If England is any indicator, it may be a long time before travelers can fly without masks, even once mandatory mask requirements are lifted. Even with the lifting of a national mask law, airlines have not indicated their mask policy will not change. Will the same be true in the USA?
Airlines Will Not Yet Loosen Mask Rules In England Despite Government Policy Change
In an address to the nation yesterday, UK Prime Minister Boris Johnson announced that July 19th will be “Freedom Day” in which most pandemic-related restrictions are lifted, at least in England. That includes obligatory masks on subways, trains, airports, and airplanes.
Budget carrier Ryanair, the largest airline in Europe, said it has no plans to loosen its mask rules after July 19th. Nor does EasyJet.
Both airlines made masks compulsory prior to the government mandating it. An EasyJet spokesperson told Paddle Your Own Kanoo:
“We continue to be guided by our inhouse medical adviser and a number of key industry governing bodies that airlines follow including the WHO, ICAO (which provides guidance to the Civil Aviation Authorities), EASA, the European Centre for Disease Prevention and Control (ECDC) and Public Health authorities across Europe and at present their guidance around the wearing of masks onboard remains unchanged.
“At present, there are no changes to easyJet’s onboard mask policy and we will continue to keep this under review.”
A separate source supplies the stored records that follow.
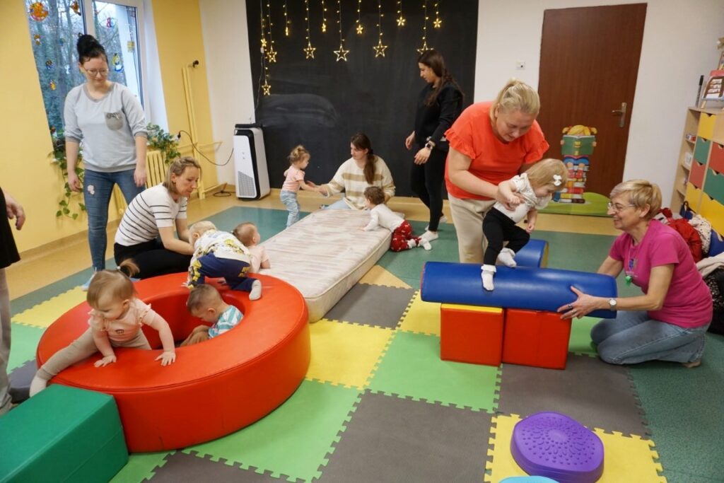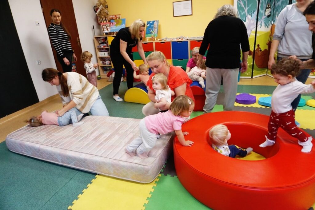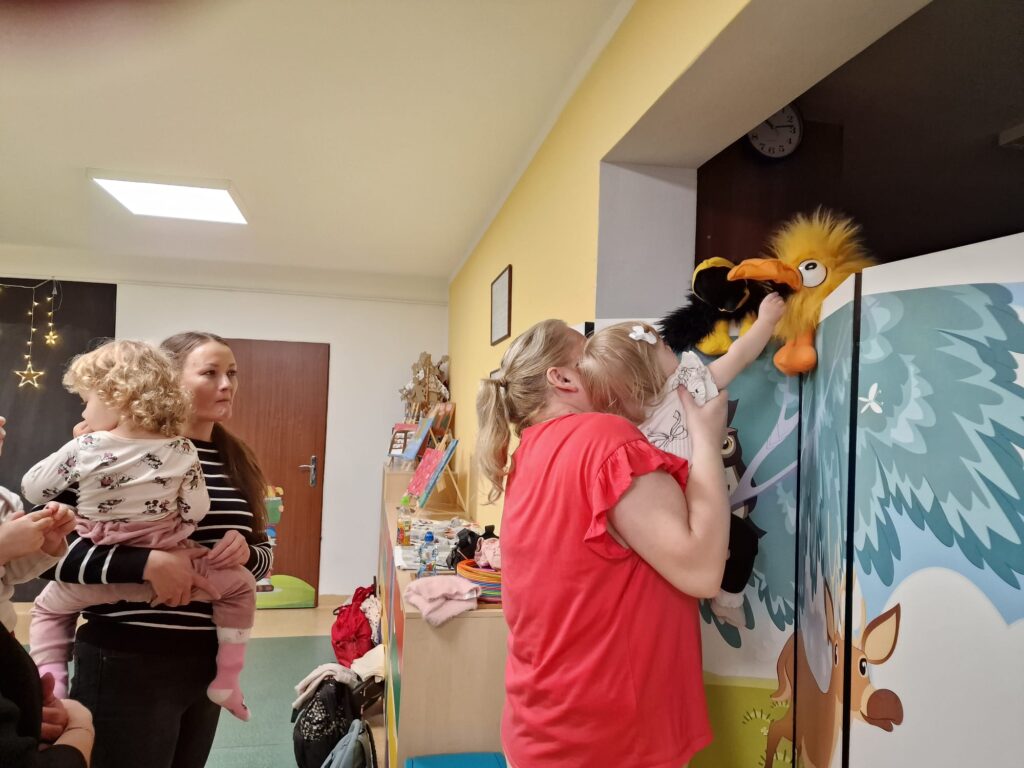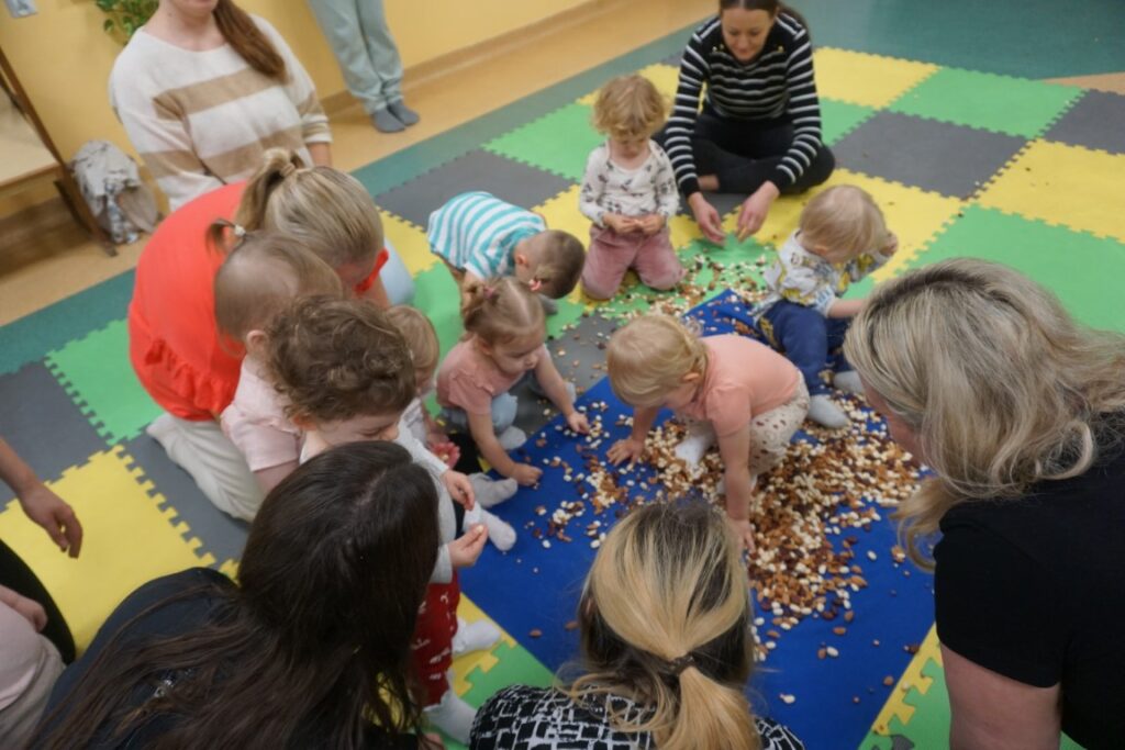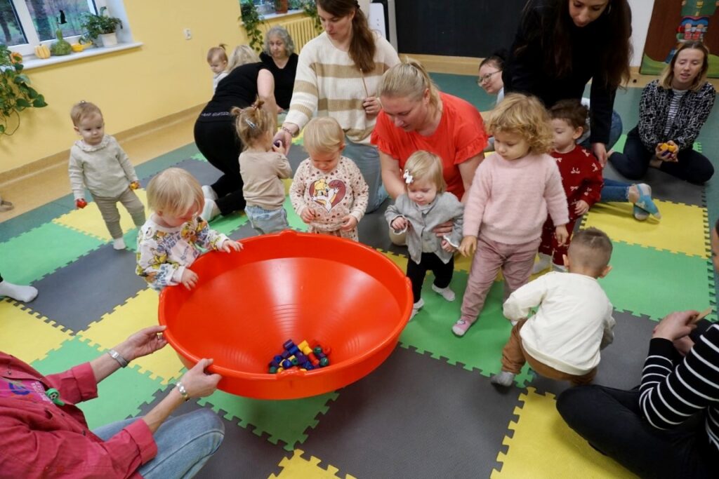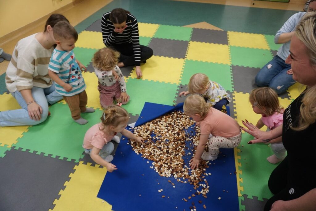 Dzieci bawiły się trzema dużymi piłkami, co wspierało rozwój motoryki dużej, chwytu i percepcji przestrzennej. Aktywność przechodząca w zabawę – sprzątanie i wrzucanie kulek do wielkiego bączka – wzmacniało poczucie odpowiedzialności, a także koordynację ruchową. Chodząc po obwodzie koła, maluchy machały rączkami jak skrzydłami i śpiewały: „Ptaszki fruwają Ćwir, ćwir, ćwir, fiu, fiu, nasyp nam ziarenek tu…” – ćwiczenie naśladowania, rytmu i koordynacji. Ważnym punktem zajęć była zabawa tematyczna z wykorzystaniem ziarenek, stymulująca zmysły. Na macie wysypano ziarenka. Dzieci ćwiczyły chwyt pęsetowy i małą motorykę, zbierając je paluszkami i wrzucając do wiaderek.. Niespodzianie pojawiły się dwa Ptaki-Cudaki, które „chciały jeść i głośno krakały”. Dzieci wkładały ziarenka prosto do ich dziobów, rozwijając empatię, precyzję i odgrywanie ról. Pokonywały tor przeszkód, który stanowił doskonałe ćwiczenie motoryki dużej, równowagi i integracji sensorycznej: Sensoryczne wyspy i jeżyki (stymulacja dotykowa stóp); Mega bloki ustawione szeregowo (ćwiczenie równowagi); Opona (przechodzenie/przeczołgiwanie); Materac do skakania (skoki, amortyzacja); Duży tunel (czołganie, orientacja w przestrzeni) itp.
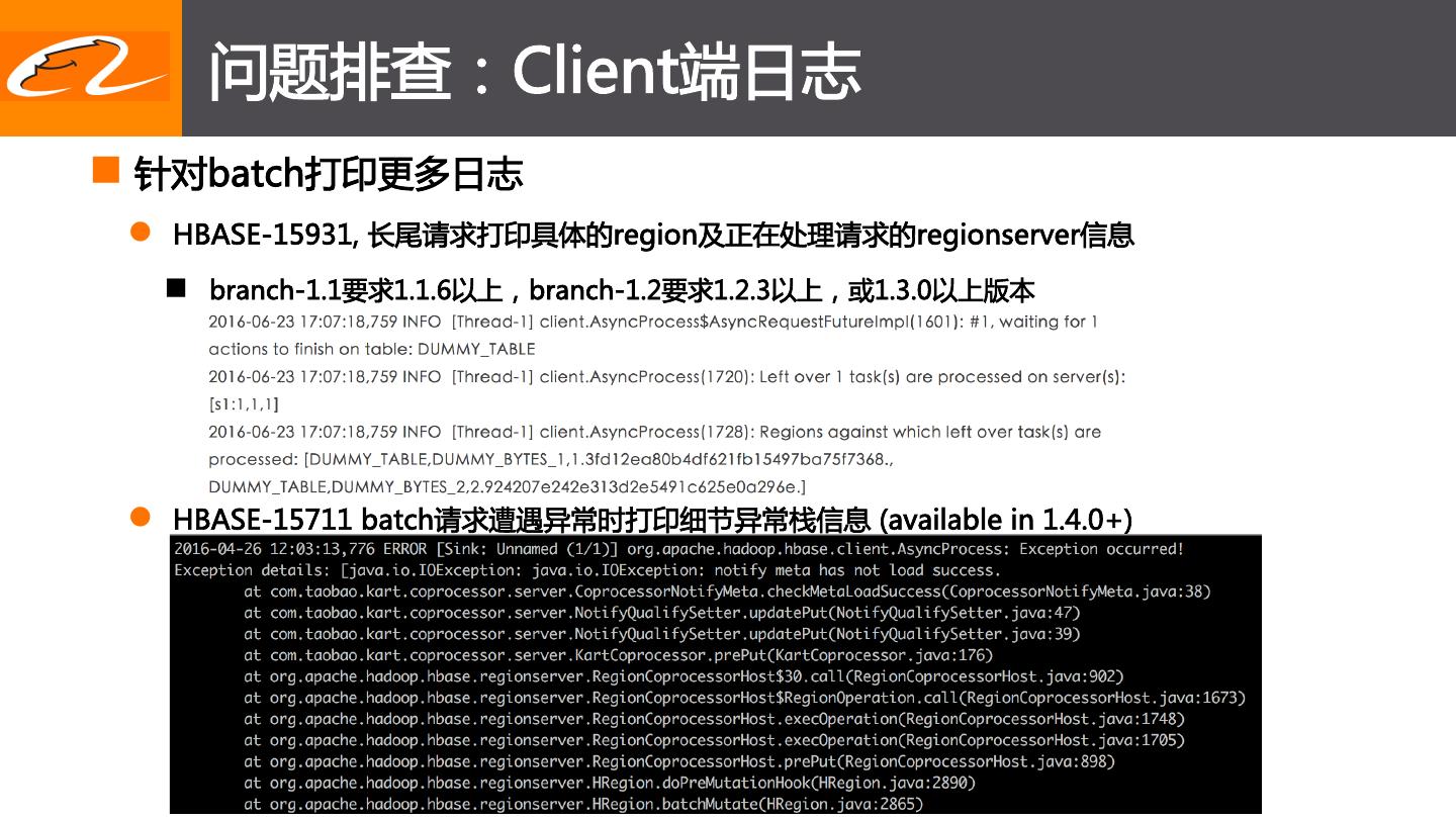 19 . 问题排查:Client端日志 n 针对batch打印更多日志 l HBASE-15931, 长尾请求打印具体的region及正在处理请求的regionserver信息 n branch-1.1要求1.1.6以上,branch-1.2要求1.2.3以上,或1.3.0以上版本 l HBASE-15711 batch请求遭遇异常时打印细节异常栈信息 (available in 1.4.0+)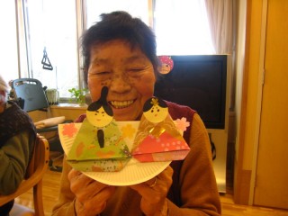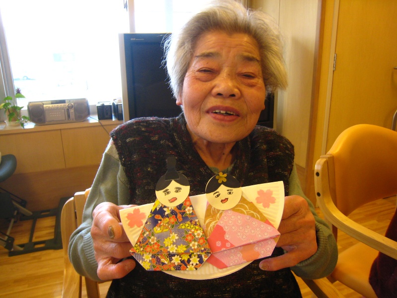 さて、もうすぐ3月ですね。3月と言えばお雛様、雛祭りですね。宇部あいおい苑では毎年手作りのお雛様を作っていましたが、今年作ってみて気付いた事。それは制作者に似ている?こと・・・。今まで何年も作ってきましたが、今年のお雛様を見てびっくりしましたので、いくつか載せてみますね。制作者とお雛様をよーく比べて見て下さい。飼っているペットはよく飼い主に似ると聞きますが、お雛様まで似るんですね~。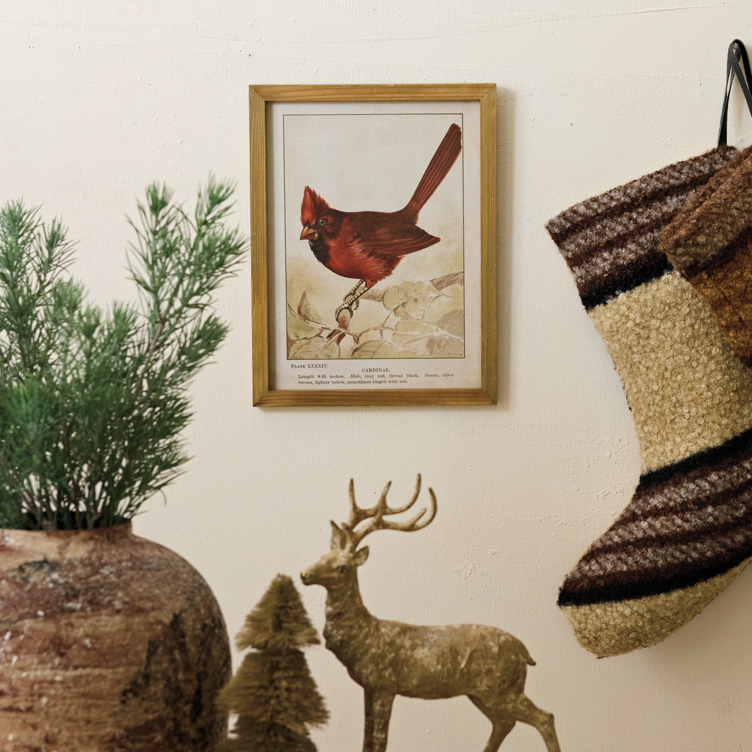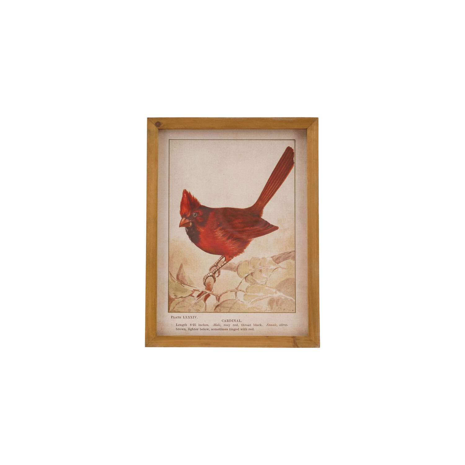 Wood Framed Glass Wall Decor with Vintage Reproduction Cardinal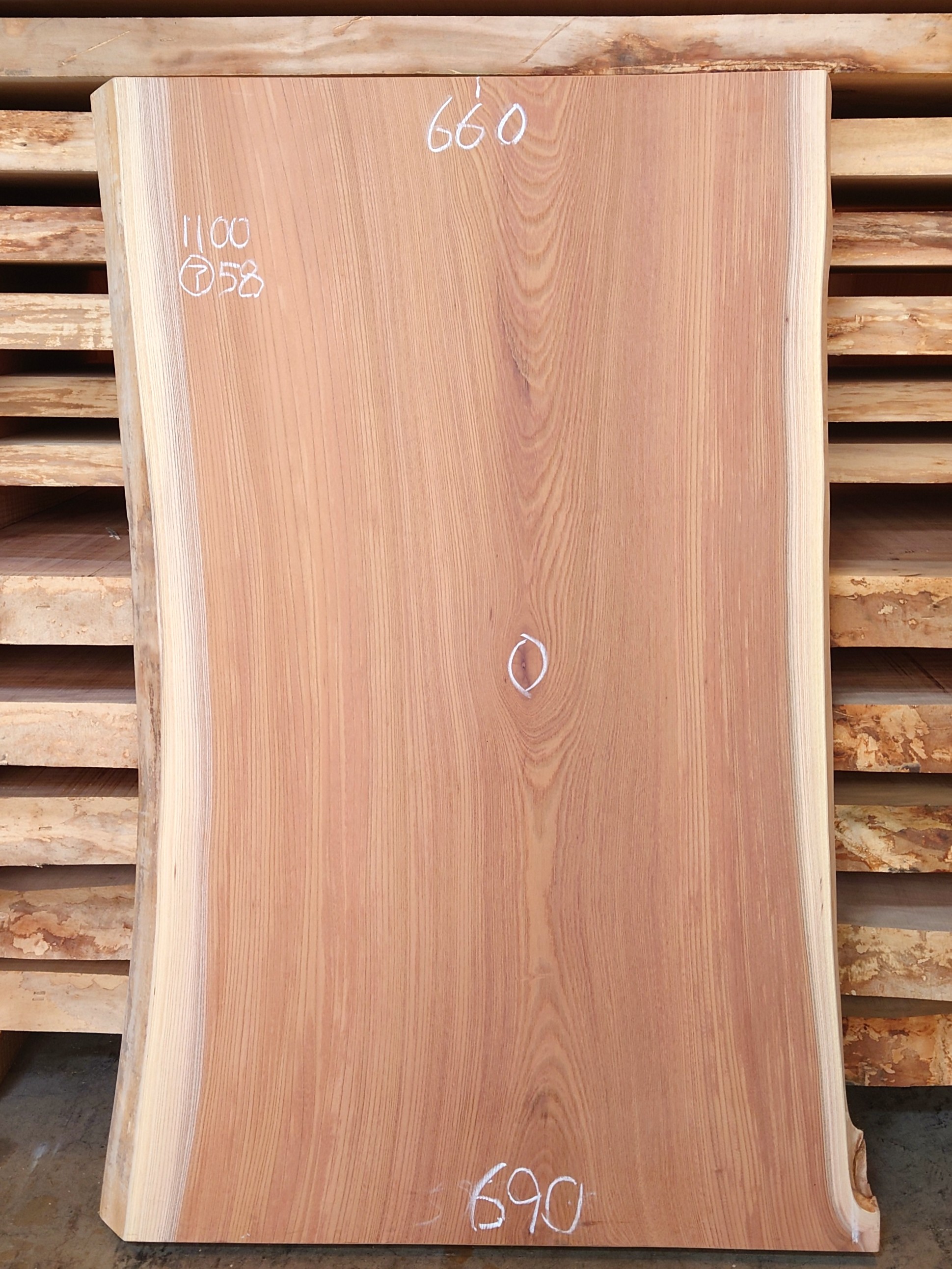 【長さ】1100、【木表幅】660~690、【木裏幅】710~760、【厚み】58。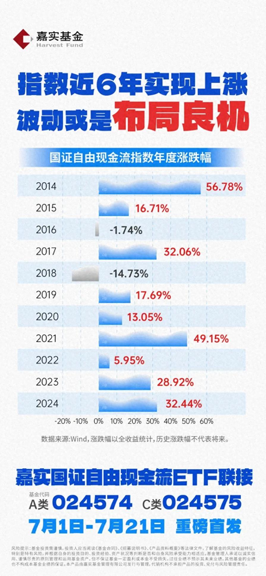 嘉實國證自由現(xiàn)金流ETF聯(lián)接基金(A類024574/C類024575)首發(fā)募集期為7月1日至7月21日。該產品通過投資于嘉實自由現(xiàn)金流ETF,實現(xiàn)對目標指數(shù)的有效跟蹤。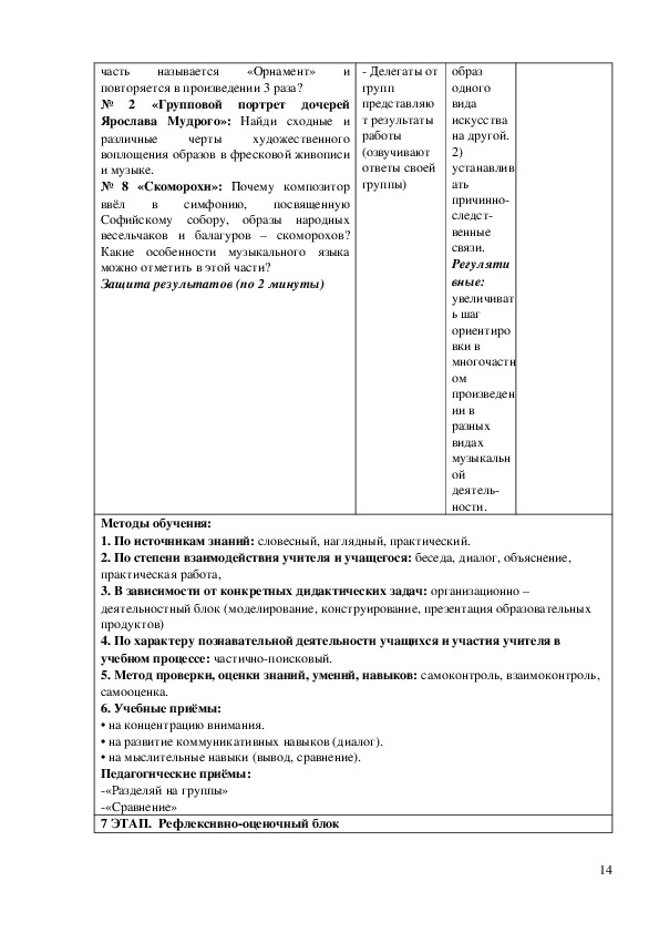 Метод проверки, оценки знаний, умений, навыков: самооценка, рефлексия.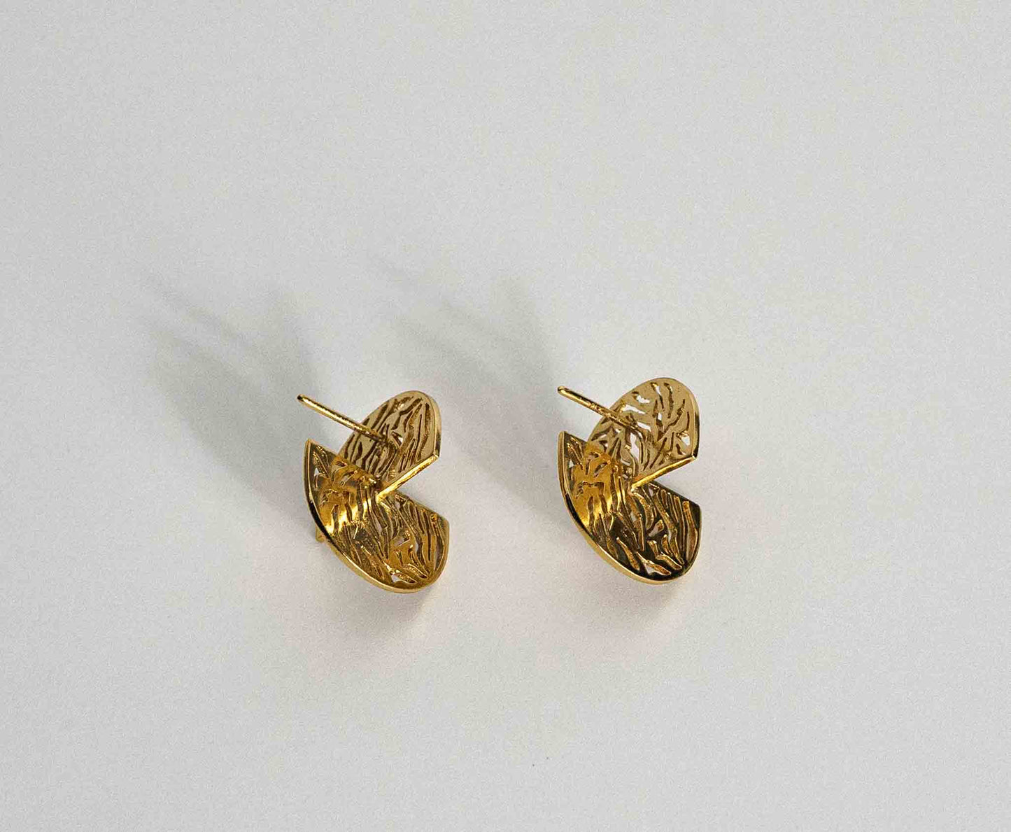 Pendientes de semicírculo con un diseño geométrico calado original y diferente, tiene un acabado liso y brillante.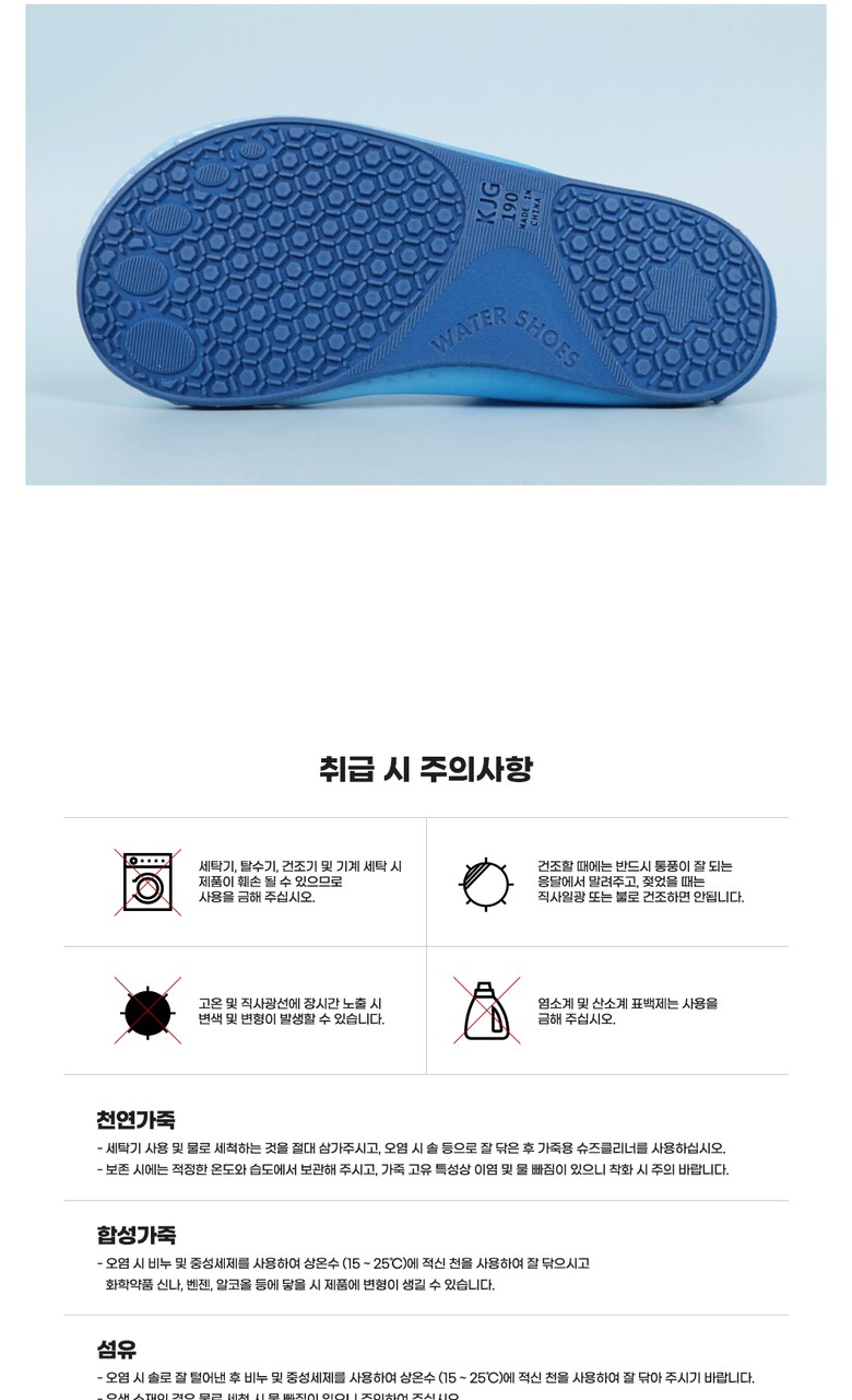 6. 취급시 주의사항 | 오염제거는 엷게 푼 세제를 부드러운 헝겊에 묻혀서 닦아주십시오. 세탁기 사용을 금합니다. 화기에 가까이하지 마세요. 오염 시 물 세척 후 통풍이 양호한 응달에서 건조 후 사용하세요. |

British Airways said its masks“policies under constant review” but offered no indication if it would loosen requirements.
Virgin Atlantic is “carefully reviewing” policy but has also not announced any change to its onboard mask policy.
“The health and safety of our customers and crew remains Virgin Atlantic’s number one priority, which is why we are carefully reviewing our policy in relation to face coverings on board our flights post 19th July.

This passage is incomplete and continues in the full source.